▸ Exercise brief
The task calls for the lines below from the line with "Alzata Porta Pianta" to the line with "Die Herausforderung für", both ends included, copied exactly, without any pictures.

▸ Data provided
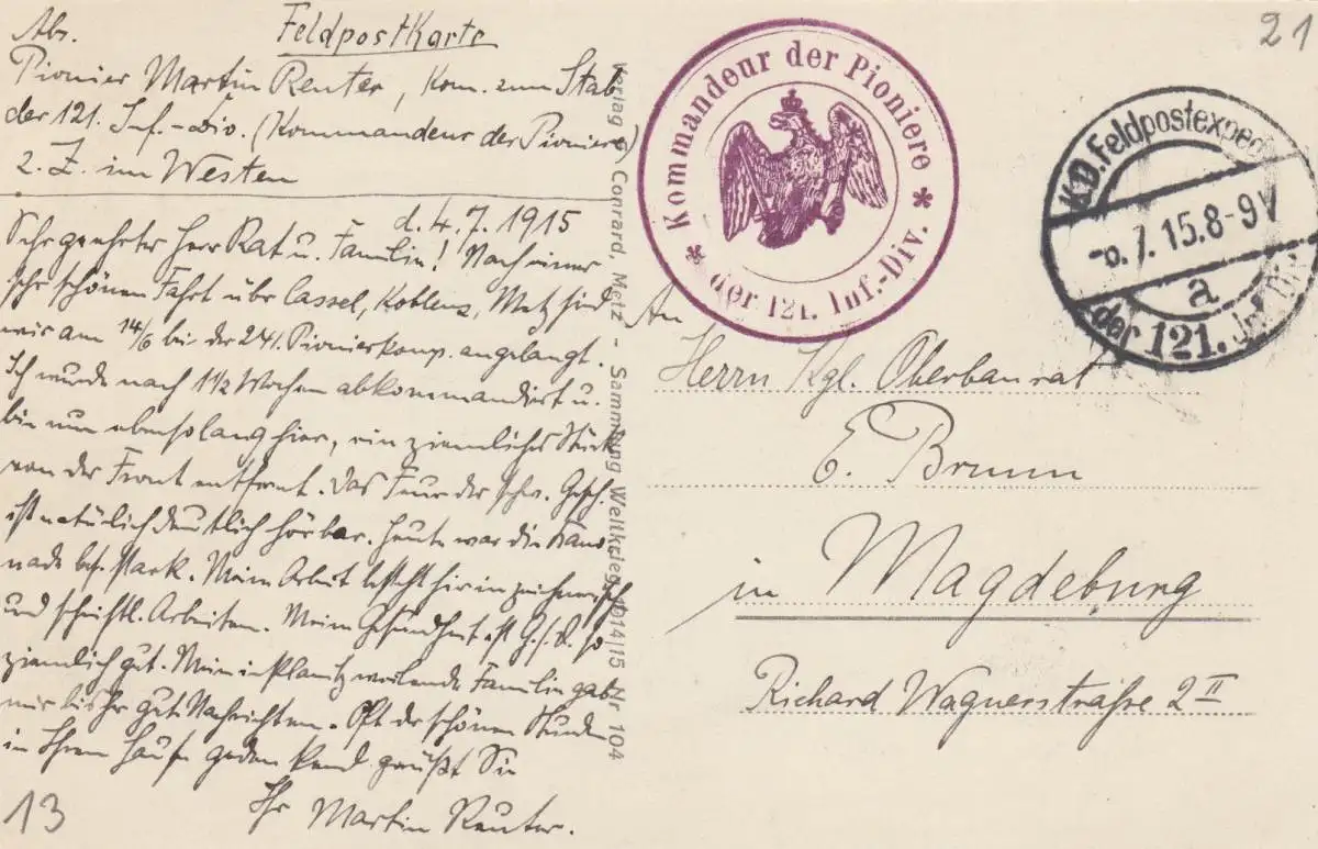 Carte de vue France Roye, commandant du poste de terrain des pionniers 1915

...

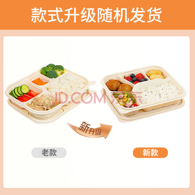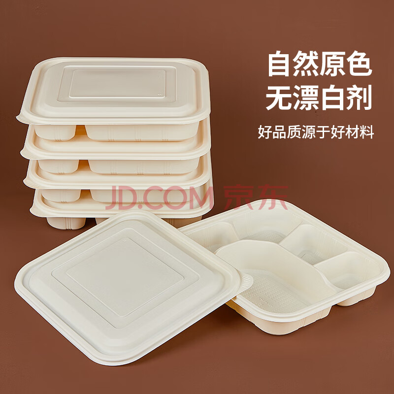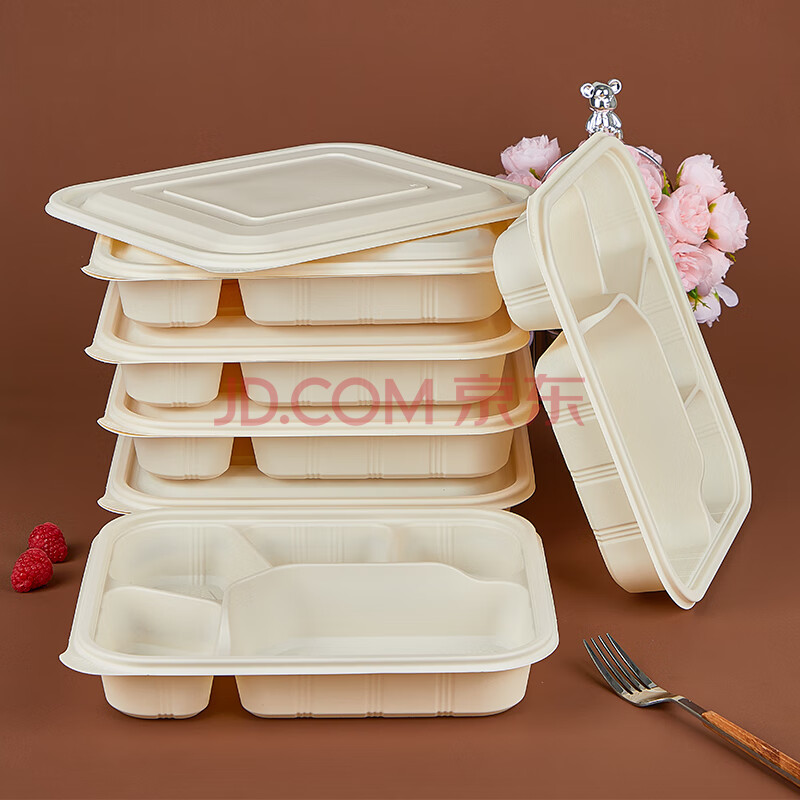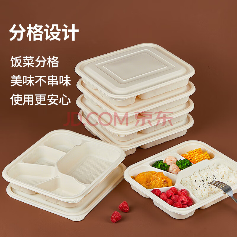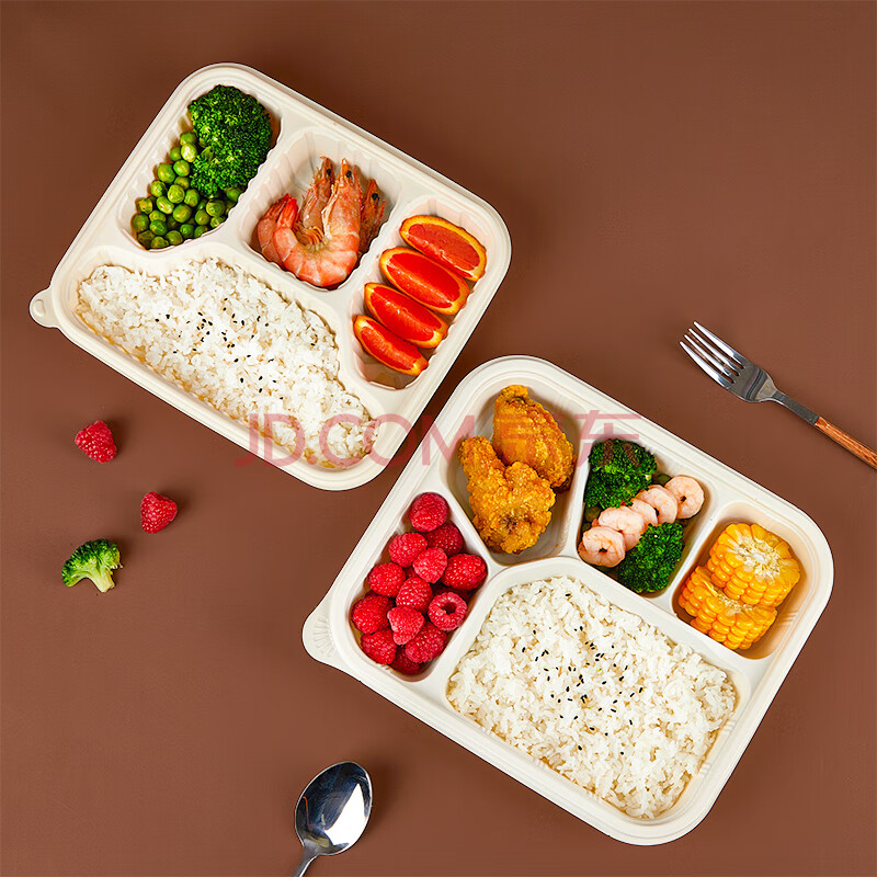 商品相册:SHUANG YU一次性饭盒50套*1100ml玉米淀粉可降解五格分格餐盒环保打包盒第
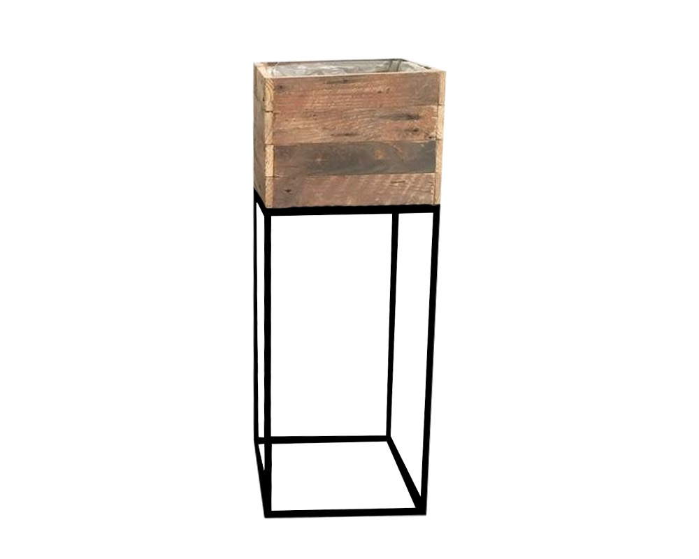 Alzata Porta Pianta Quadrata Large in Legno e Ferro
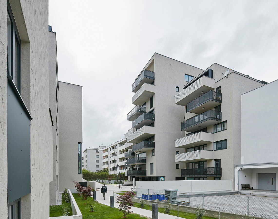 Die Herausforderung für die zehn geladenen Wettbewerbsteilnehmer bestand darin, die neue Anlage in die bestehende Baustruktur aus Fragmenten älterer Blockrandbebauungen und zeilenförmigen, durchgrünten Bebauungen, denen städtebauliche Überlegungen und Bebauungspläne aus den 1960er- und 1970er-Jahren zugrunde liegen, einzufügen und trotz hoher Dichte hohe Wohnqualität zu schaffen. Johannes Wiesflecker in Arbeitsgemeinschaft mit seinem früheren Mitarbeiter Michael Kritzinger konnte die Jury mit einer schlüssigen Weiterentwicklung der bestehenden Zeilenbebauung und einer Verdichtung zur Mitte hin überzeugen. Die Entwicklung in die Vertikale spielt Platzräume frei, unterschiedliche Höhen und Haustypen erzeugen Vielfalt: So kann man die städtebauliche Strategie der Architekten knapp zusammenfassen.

▸ Exercise answer
 Alzata Porta Pianta Quadrata Large in Legno e Ferro
 Die Herausforderung für die zehn geladenen Wettbewerbsteilnehmer bestand darin, die neue Anlage in die bestehende Baustruktur aus Fragmenten älterer Blockrandbebauungen und zeilenförmigen, durchgrünten Bebauungen, denen städtebauliche Überlegungen und Bebauungspläne aus den 1960er- und 1970er-Jahren zugrunde liegen, einzufügen und trotz hoher Dichte hohe Wohnqualität zu schaffen. Johannes Wiesflecker in Arbeitsgemeinschaft mit seinem früheren Mitarbeiter Michael Kritzinger konnte die Jury mit einer schlüssigen Weiterentwicklung der bestehenden Zeilenbebauung und einer Verdichtung zur Mitte hin überzeugen. Die Entwicklung in die Vertikale spielt Platzräume frei, unterschiedliche Höhen und Haustypen erzeugen Vielfalt: So kann man die städtebauliche Strategie der Architekten knapp zusammenfassen.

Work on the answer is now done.